Records provided:
☆ ☆ ☆ ☆ ☆ ☆ ☆
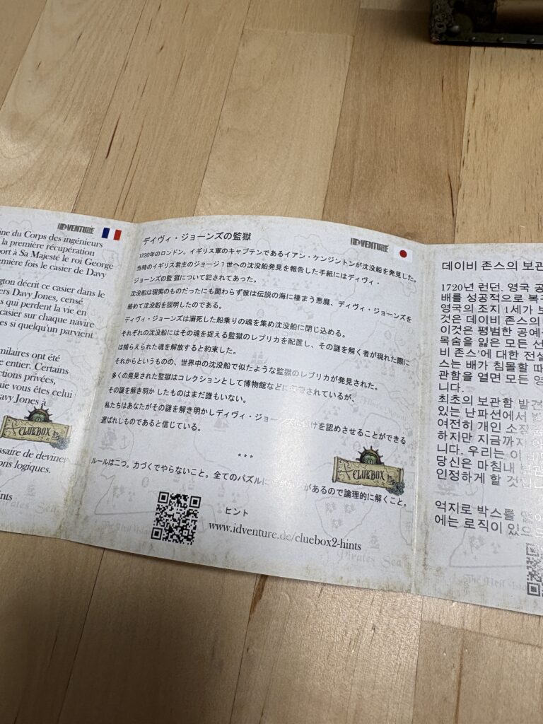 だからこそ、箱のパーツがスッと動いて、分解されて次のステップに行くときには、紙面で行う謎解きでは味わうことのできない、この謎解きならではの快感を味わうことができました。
☆ ☆ ☆ ☆ ☆ ☆ ☆
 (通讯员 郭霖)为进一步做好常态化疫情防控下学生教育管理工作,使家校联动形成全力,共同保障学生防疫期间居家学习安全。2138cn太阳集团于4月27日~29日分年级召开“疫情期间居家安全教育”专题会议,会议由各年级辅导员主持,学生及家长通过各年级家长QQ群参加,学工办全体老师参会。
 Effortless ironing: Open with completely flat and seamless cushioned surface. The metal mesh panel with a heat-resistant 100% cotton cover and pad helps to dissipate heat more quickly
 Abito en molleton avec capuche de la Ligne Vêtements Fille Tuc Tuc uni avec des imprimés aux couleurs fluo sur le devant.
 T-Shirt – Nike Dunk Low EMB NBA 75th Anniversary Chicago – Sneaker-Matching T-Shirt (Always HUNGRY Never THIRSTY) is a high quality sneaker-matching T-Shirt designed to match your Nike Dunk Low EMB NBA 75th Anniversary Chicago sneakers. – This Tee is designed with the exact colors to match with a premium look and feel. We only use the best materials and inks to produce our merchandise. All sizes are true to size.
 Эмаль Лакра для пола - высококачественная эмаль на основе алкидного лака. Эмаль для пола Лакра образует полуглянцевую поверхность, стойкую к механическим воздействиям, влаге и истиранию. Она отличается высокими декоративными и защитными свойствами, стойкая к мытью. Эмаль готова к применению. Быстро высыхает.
☆ ☆ ☆ ☆ ☆ ☆ ☆
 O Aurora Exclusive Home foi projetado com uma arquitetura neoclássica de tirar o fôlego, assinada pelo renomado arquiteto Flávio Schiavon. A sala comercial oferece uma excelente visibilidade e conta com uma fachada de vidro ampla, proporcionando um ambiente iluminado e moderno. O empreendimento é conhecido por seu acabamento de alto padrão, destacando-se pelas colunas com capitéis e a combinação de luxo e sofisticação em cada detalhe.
☆ ☆ ☆ ☆ ☆ ☆ ☆
Problem details: Show every line of the listing containing the string "with" by copying it.

Final answer:
 Effortless ironing: Open with completely flat and seamless cushioned surface. The metal mesh panel with a heat-resistant 100% cotton cover and pad helps to dissipate heat more quickly
 T-Shirt – Nike Dunk Low EMB NBA 75th Anniversary Chicago – Sneaker-Matching T-Shirt (Always HUNGRY Never THIRSTY) is a high quality sneaker-matching T-Shirt designed to match your Nike Dunk Low EMB NBA 75th Anniversary Chicago sneakers. – This Tee is designed with the exact colors to match with a premium look and feel. We only use the best materials and inks to produce our merchandise. All sizes are true to size.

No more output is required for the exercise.